*** DATA BELOW ***
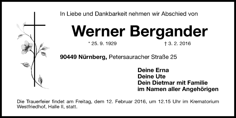 Hier finden Sie alle Traueranzeigen aus der Zeitung, die bisher für Werner Bergander erschienen sind. Weitere Traueranzeigen, die in der Zeitung erscheinen, werden hier ebenfalls aufgelistet
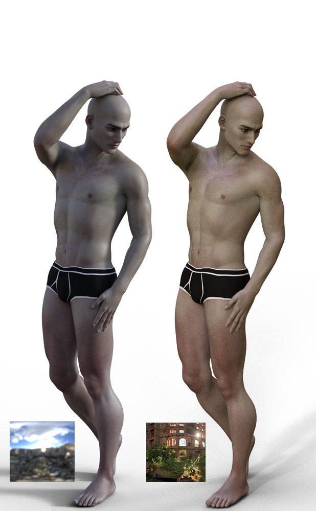 My comparison render was using the default lighting, which looks much like the results on the left of this. I did find that hitting him with a strong warm light seemed to offset the issue, but since I'm working with a night scene, that wasn't exactly the direction I wanted to go. I've done some tinkering, and got the skin tones to work more with what I had in mind, so it worked out. I love the character and the makeup/tattoo options (I have most of the tattoo sets, love @DarwinsMishap 's work!), and I'm pretty pale myself - just found the blue tone disconcerting, when compared to promo renders.
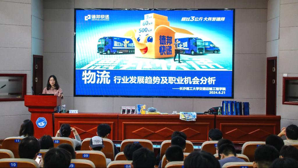6月21日,yl7703永利官网交通学院于云塘校区工科二号楼B301报告厅举办物流行业发展趋势及职业发展机会报告会。特邀德邦快递人才发展部高级总监饶文琴担任主讲人,交通学院就业专干李特超出席,交通学院80余名交通运输、物流工程专业学生参加会议。
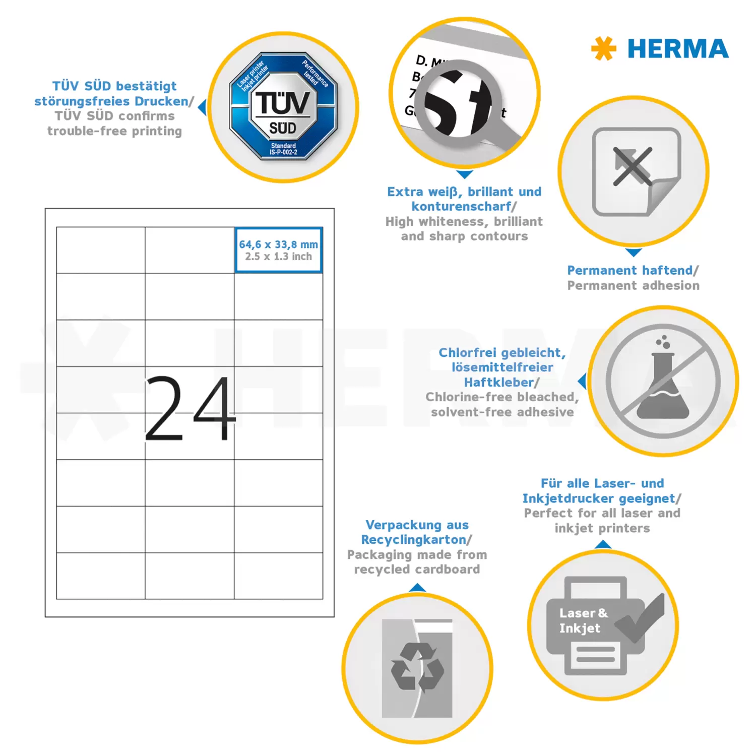 PREMIUM Etiketten A4, 64,6 x 33,8 mm, weiß, permanent haftend
*** End of DATA BELOW ***
> ACTIVITY
From the listing, extract all text exactly as given and drop any picture.

> WRITTEN ANSWER
 Hier finden Sie alle Traueranzeigen aus der Zeitung, die bisher für Werner Bergander erschienen sind. Weitere Traueranzeigen, die in der Zeitung erscheinen, werden hier ebenfalls aufgelistet
 My comparison render was using the default lighting, which looks much like the results on the left of this. I did find that hitting him with a strong warm light seemed to offset the issue, but since I'm working with a night scene, that wasn't exactly the direction I wanted to go. I've done some tinkering, and got the skin tones to work more with what I had in mind, so it worked out. I love the character and the makeup/tattoo options (I have most of the tattoo sets, love @DarwinsMishap 's work!), and I'm pretty pale myself - just found the blue tone disconcerting, when compared to promo renders.
6月21日,yl7703永利官网交通学院于云塘校区工科二号楼B301报告厅举办物流行业发展趋势及职业发展机会报告会。特邀德邦快递人才发展部高级总监饶文琴担任主讲人,交通学院就业专干李特超出席,交通学院80余名交通运输、物流工程专业学生参加会议。
 PREMIUM Etiketten A4, 64,6 x 33,8 mm, weiß, permanent haftend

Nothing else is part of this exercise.